[Task data Boundary: Start]

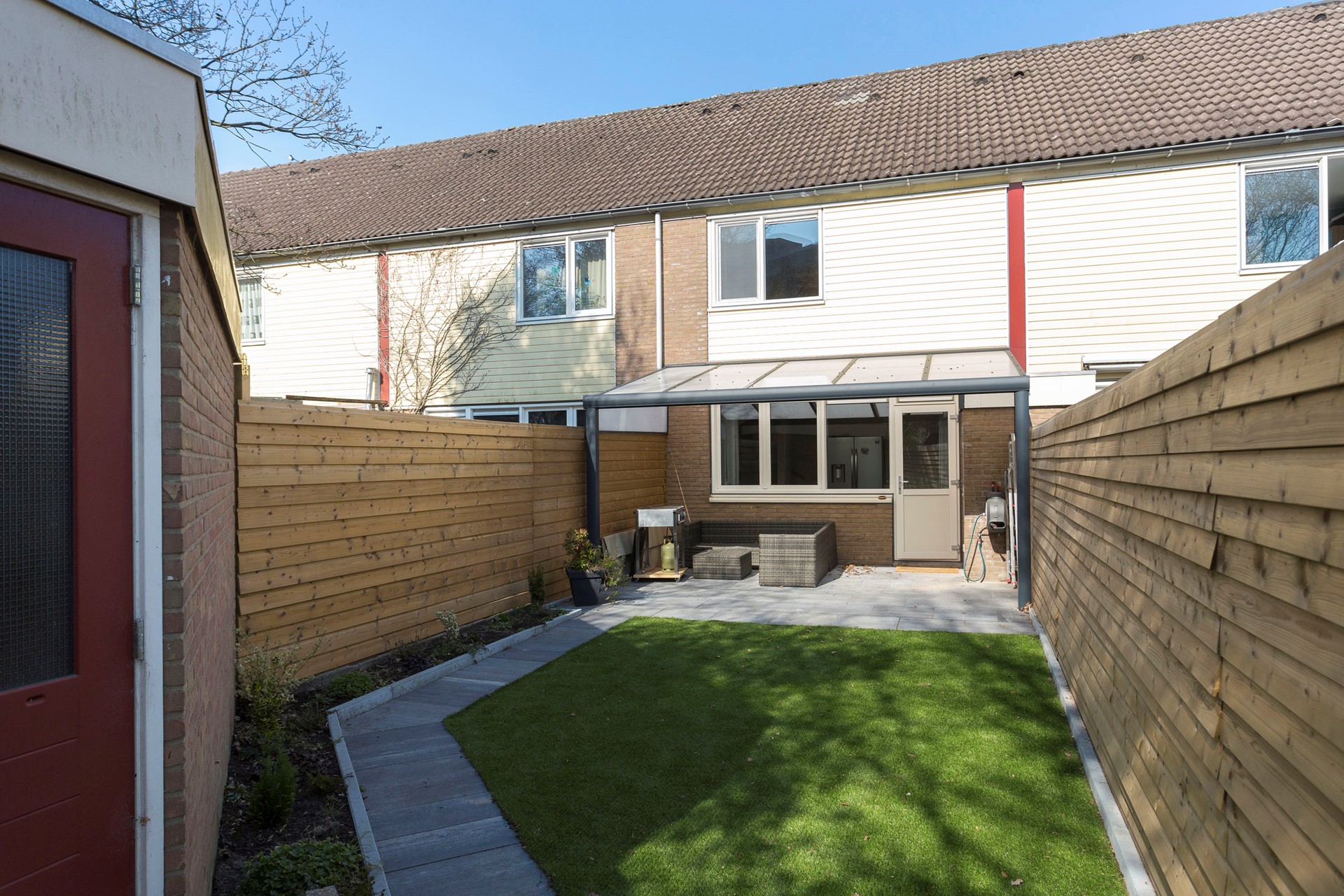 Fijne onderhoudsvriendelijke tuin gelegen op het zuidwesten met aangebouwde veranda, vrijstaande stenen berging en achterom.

[Task data Boundary: End]
[Task data Boundary: Start]

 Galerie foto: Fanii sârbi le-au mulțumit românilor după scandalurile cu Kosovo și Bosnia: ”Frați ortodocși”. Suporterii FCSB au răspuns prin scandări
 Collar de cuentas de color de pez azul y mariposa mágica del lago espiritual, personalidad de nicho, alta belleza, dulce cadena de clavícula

[Task data Boundary: End]

### Task prompt
Word for word, restate the lines above from the line containing "Galerie foto: Fanii" through the line containing "Collar de cuentas", with both included and nothing else.

### Output for this task
 Galerie foto: Fanii sârbi le-au mulțumit românilor după scandalurile cu Kosovo și Bosnia: ”Frați ortodocși”. Suporterii FCSB au răspuns prin scandări
 Collar de cuentas de color de pez azul y mariposa mágica del lago espiritual, personalidad de nicho, alta belleza, dulce cadena de clavícula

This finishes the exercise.